Quid de l’élément intentionnel ? « M. Urvoas est un juriste expérimenté », maître de conférences, député, président de la commission des lois de l’Assemblée nationale, il a signé la circulaire de 2016 de politique pénale et, surtout, « il a reconnu avoir connaissance des très nombreux courriers classiquement adressés en son nom, et dont il a été pour partie signataire, à tous les particuliers sollicitant des informations sur des procédures spécifiques, lesquels répondent qu’aucun renseignements précis ne peut être délivré sur les enquêtes en cours ». Il ne pouvait « ignorer ».

Jean-Jacques Urvoas est coupable de violation du secret professionnel.
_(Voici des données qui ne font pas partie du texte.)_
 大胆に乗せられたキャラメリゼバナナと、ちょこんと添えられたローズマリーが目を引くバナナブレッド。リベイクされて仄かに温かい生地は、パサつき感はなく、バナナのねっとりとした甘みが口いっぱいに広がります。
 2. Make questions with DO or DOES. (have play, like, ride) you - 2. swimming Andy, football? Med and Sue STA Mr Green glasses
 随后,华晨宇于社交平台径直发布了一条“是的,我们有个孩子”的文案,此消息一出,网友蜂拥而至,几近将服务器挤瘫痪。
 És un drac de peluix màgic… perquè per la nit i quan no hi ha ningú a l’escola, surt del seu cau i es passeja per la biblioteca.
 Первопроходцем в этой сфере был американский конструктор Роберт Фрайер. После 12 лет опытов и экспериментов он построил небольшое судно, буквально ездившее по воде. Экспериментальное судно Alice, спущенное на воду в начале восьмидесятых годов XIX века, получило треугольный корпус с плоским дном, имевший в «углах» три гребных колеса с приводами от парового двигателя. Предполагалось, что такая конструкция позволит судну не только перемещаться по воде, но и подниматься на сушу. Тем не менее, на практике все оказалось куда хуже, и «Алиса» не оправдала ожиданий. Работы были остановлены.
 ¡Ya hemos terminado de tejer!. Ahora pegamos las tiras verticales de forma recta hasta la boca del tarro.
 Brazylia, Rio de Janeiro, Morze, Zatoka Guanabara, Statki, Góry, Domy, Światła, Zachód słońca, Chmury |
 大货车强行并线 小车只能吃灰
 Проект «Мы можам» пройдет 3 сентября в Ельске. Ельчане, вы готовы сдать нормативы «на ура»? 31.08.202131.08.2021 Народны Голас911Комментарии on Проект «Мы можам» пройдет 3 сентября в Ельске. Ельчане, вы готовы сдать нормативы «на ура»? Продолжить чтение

Il encourt un an de prison et 15 000 € d’amende. Il faut relever, estime néanmoins la cour, que la divulgation de la FAP n’a pas eu d’effet sur le déroulement de l’enquête. Le procès n’a pas permis de comprendre pourquoi il avait agi de la sorte, la visée électoraliste en vue des législatives n’a pas été démontrée. Par ailleurs, l’action de Jean-Jacques Urvoas a été « unanimement reconnue » et personne ne conteste « son sérieux » et « sa rigueur ». Enfin, sa situation économique – une rémunération de maître de conférences à laquelle il faut retrancher les mensualités d’un emprunt – doit être prise en compte.

Une peine d’un mois de prison avec sursis et 5 000 € d’amende est prononcée. Jean-Jacques Urvoas, presque invisible dans le fauteuil devenu trop grand, est prié de se lever. Jean-Baptiste Parlos lit la condamnation. « L’audience est levée ». L’ancien ministre sort de la salle, seul. Il pourra se pourvoir en cassation.

 

 

 

 

 

Crédit photo © PHILIPPE LOPEZ / AFP

 

Commentaires

Bonjour,

Je vous remercie pour cet article tout à fait éclairant.
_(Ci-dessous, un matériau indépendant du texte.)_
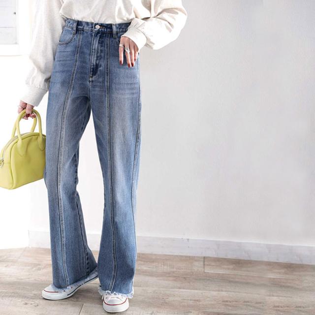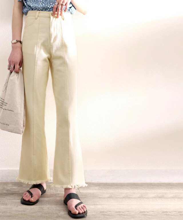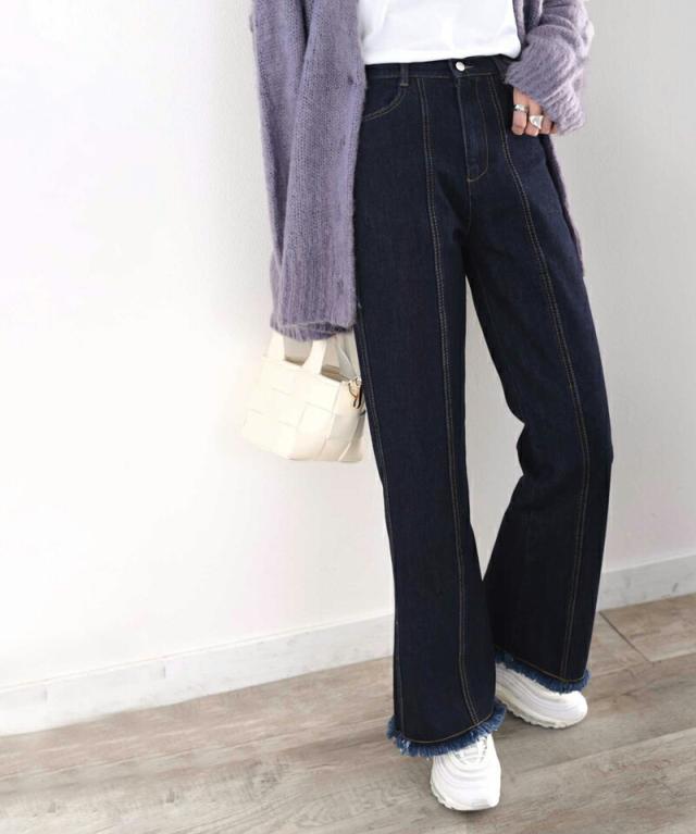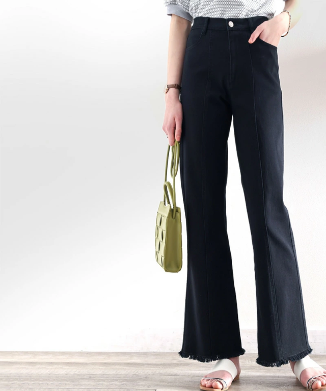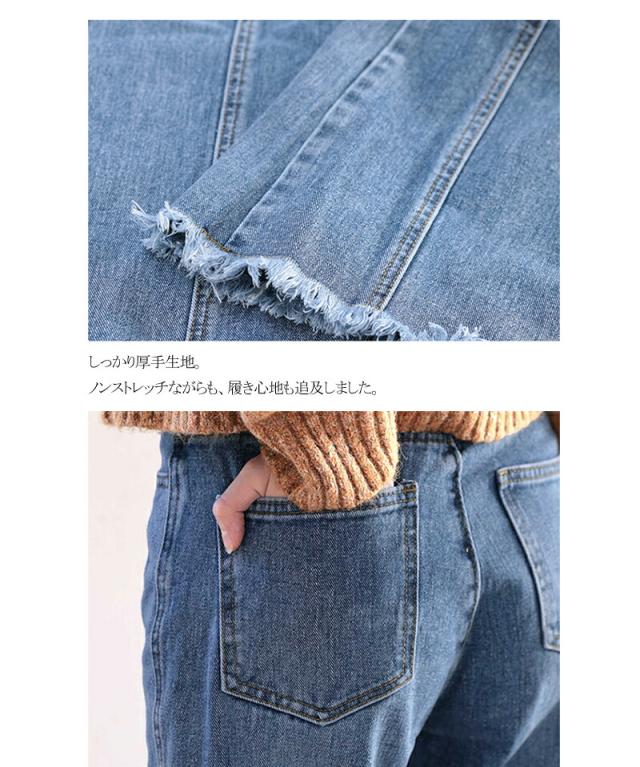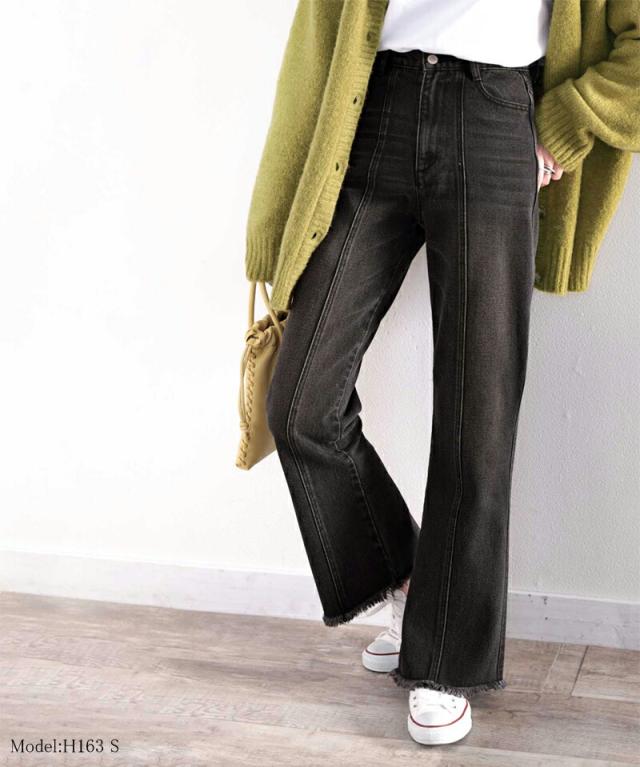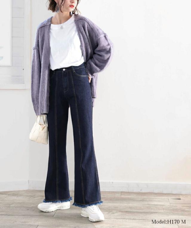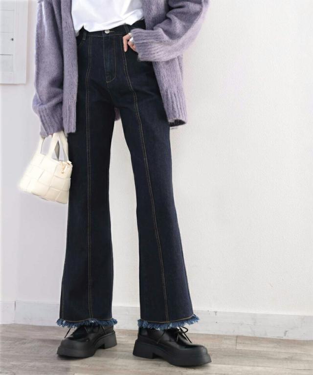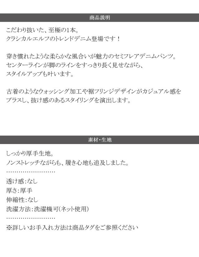 秋新作 クラシカルエルフ レディース 体型カバー ウエストゴム UV ボトムス デニムパンツ 裾フリンジ セミフレア 美脚 ジーンズ 大きいサイズ 小さいサイズ ce0900004

Je m'interroge simplement sur le point suivant : vous citez la décision Crim. 8 févr. 1994, n° 89-84.035 en citant le passage suivant "dès lors que la révélation d’une information secrète, par une autorité qui en est dépositaire à raison de sa fonction, est de nature à donner à celle-ci une authenticité et une crédibilité que n’offrent pas les articles de presse".
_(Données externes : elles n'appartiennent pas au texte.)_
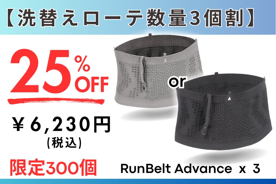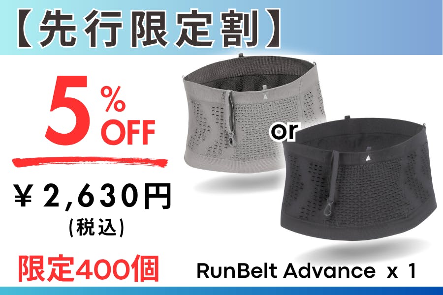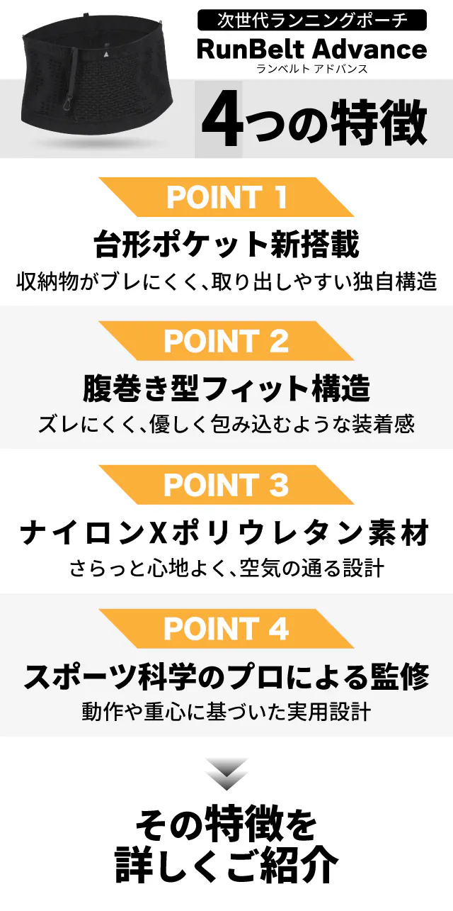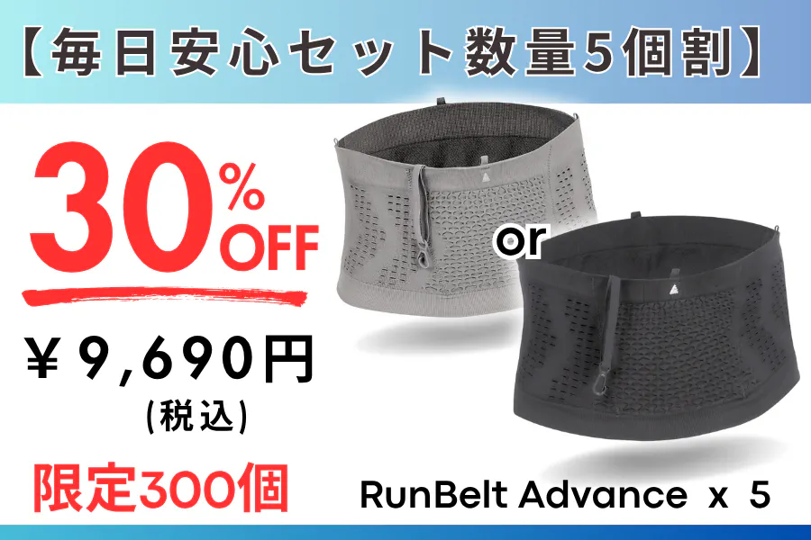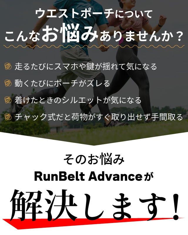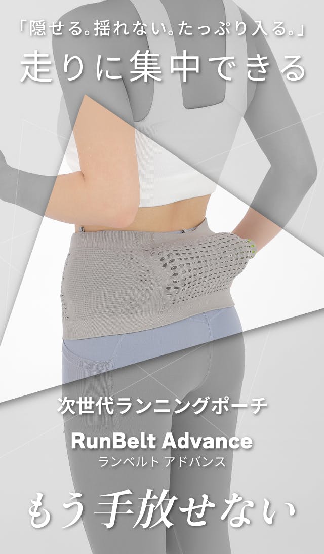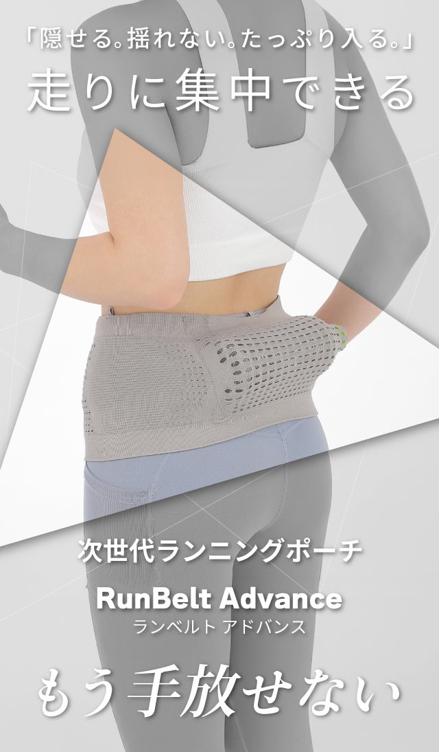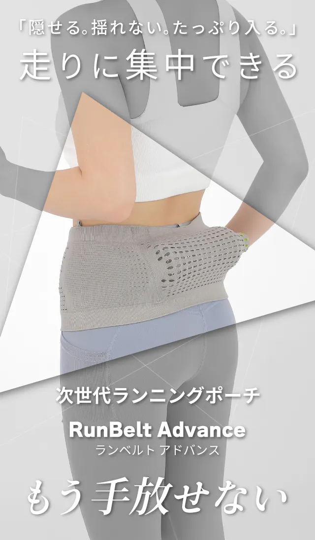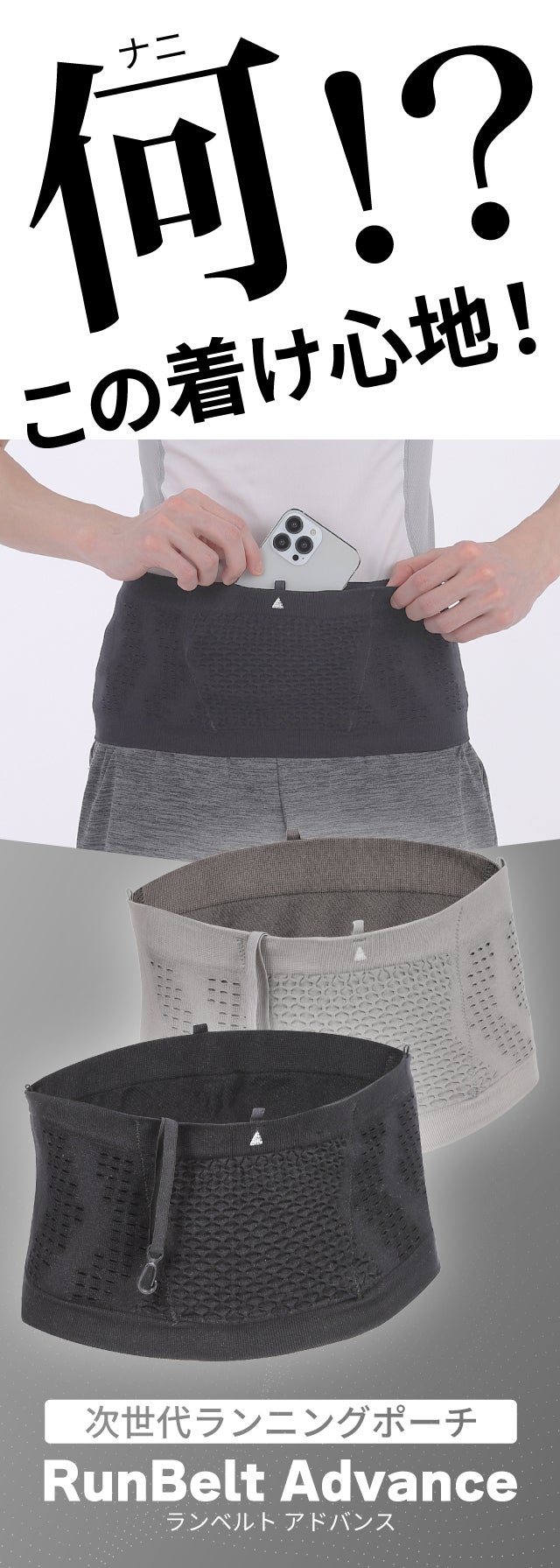 RunBelt Advance(ランベルト アドバンス)は、スマホや鍵、ペットボトルなどが収納できて、“着けていることを忘れるほど快適な”腹巻き型ランニングポーチです。
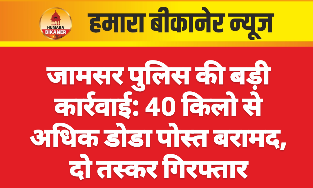 बीकानेर। पुलिस थाना जामसर ने एरिया डोमिनेशन अभियान के तहत एक बड़ी सफलता हासिल करते हुए एनडीपीएस एक्ट में दोतस्करों को गिरफ्तार कर डोडा पोस्त बरामद किया है। पुलिस ने आरोपियों के कब्जे से 40 किलो 208 ग्राम डोडा पोस्त तथा तस्करीमें प्रयुक्त कार को भी जप्त किया।यह कार्रवाई पुलिस मुख्यालय व बीकानेर रेंज के महानिरीक्षक पुलिस हेमन्त कुमार शर्मा एवं जिला पुलिस अधीक्षक कावेन्द्र सिंह सागर के निर्देशन में चलाए जा रहे अवैध हथियार और मादक पदार्थ विरोधी विशेष अभियान के तहत की गई।थानाधिकारी रवि कुमार के नेतृत्व में गठित टीम ने निजी स्तर पर सूचना संकलित कर 29 नवंबर को नुरसर फांटा क्षेत्र में दबिश दी। पुलिस ने मौके से रविन्द्र सिंह उर्फ रवि, पुत्र कालासिंह, मजबी सिख, निवासी केसरीसिंहपुर व नानक सिंह पुत्र छोटू सिंह, निवासी करणपुर, श्रीगंगानगर को गिरफ्तार कर उनके कब्जे से मादक पदार्थ बरामद किया। पुलिस ने मौके से तस्करी में प्रयुक्त कार भी जब्त की।पुलिस ने आरोपियों के खिलाफ एनडीपीएस एक्ट में मुकदमा दर्ज किया। मामले की जांच भोलाराम थानाधिकारी पुलिस थाना कालू द्वारा की जा रही है। पुलिस आरोपियों से नेटवर्क, सप्लाई रूट और अन्य सहयोगियों की जानकारी को लेकर गहन पूछताछ कर रही है। कार्रवाई में कांस्टेबल रविन्द्र कुमार की विशेष भूमिका रही। कार्रवाई करने वाली टीम में थानाधिकारी रवि कुमार, हेड कांस्टेबल बलवान सिंह, धर्माराम, कांस्टेबल रामनिवास, रविन्द्र कुमार, सुनिल कुमार शामिल थे।

Or à la relecture de l'arrêt sur Légifrance, cette décision ne comporte ni le mot "presse", ni le mot "secrète".

Je pense qu'il doit y avoir une erreur de référence, mais cette décision m'intéresse, pourriez-vous m'indiquer la bonne décision svp ?

Merci d'avance !

Louis Tandonnet

Bonjour,

La référence de la décision est la bonne. Ce que je cite n'est pas le texte de l'arrêt de la Cour de cassation du 8 février 1994 mais ce qu'a dit la CJR, hier, à propos de cet arrêt.